Wednesday, June 22, 2011

Mom & Pop's Monster Jambalaya


3 T olive oil
2 onions
½ red bell pepper
1 green bell pepper
6 cloves garlic
1 28-oz can whole tomatoes (juices reserved), crushed by hand
½ c celery

1 lb shrimp
½ lb chicken thigh
½ lb andouille

2 ½ C rice
2 C chicken stock
1 T Worcestershire

½ t red pepper, black pepper, white pepper
3 T paprika
1 tsp dried thyme
1 bay leaf
¼ c parsley

Season chicken liberally with salt, pepper, garlic powder and onion powder and brown in olive oil over medium high heat with sausage too for about 7 minutes.  Remove chicken and sausage and set aside.

Add onions, celery, peppers and garlic and sauté 10 minutes.

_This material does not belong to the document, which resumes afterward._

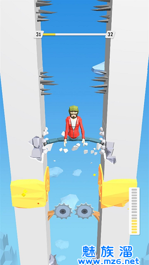 墙壁上会有许多锥形障碍物,您需要提前将其摧毁以避免受伤。
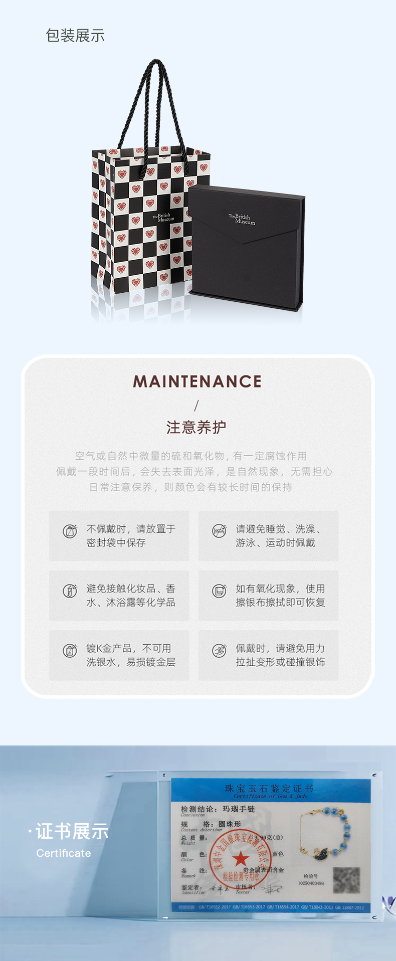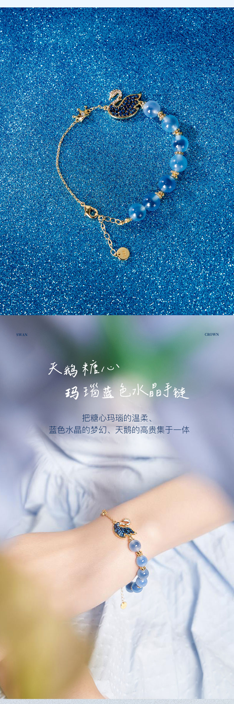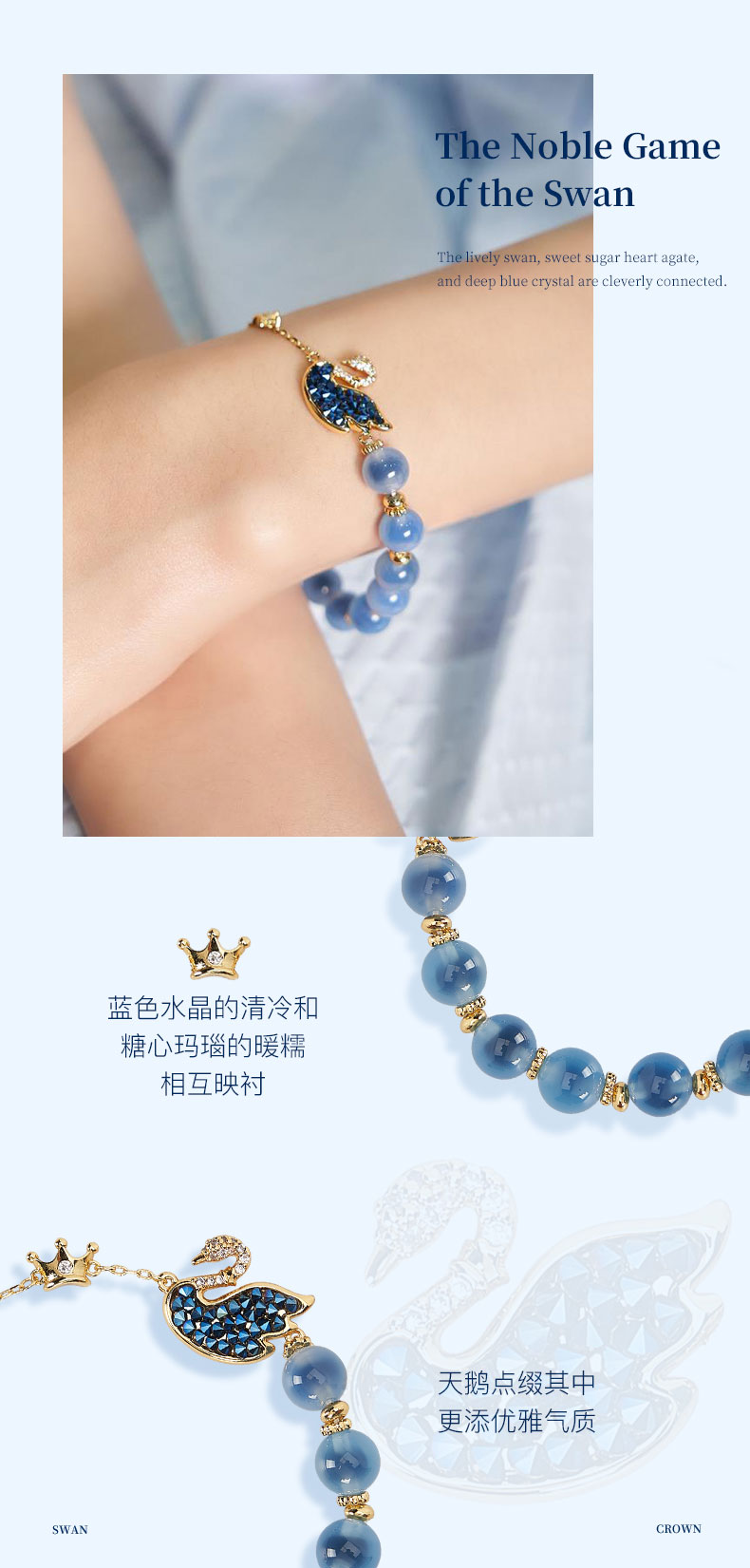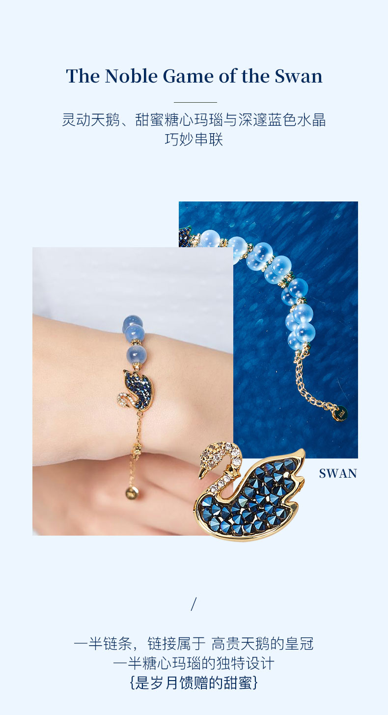 大英博物馆 天鹅贵族棋盘系列 皇冠糖心玛瑙蓝色 手链

Add back meats, stir in chicken stock, tomatoes and add seasoning.  Bring to boil.

Add rice and return to boil.  Cover and reduce heat to simmer.  Cook 10 minutes.  After 10 minutes, stir completely and replace cover.  Cook additional 15-20 minutes or until liquid is absorbed. 

Add shrimp and extra liquid (if needed) and cook 5 minutes.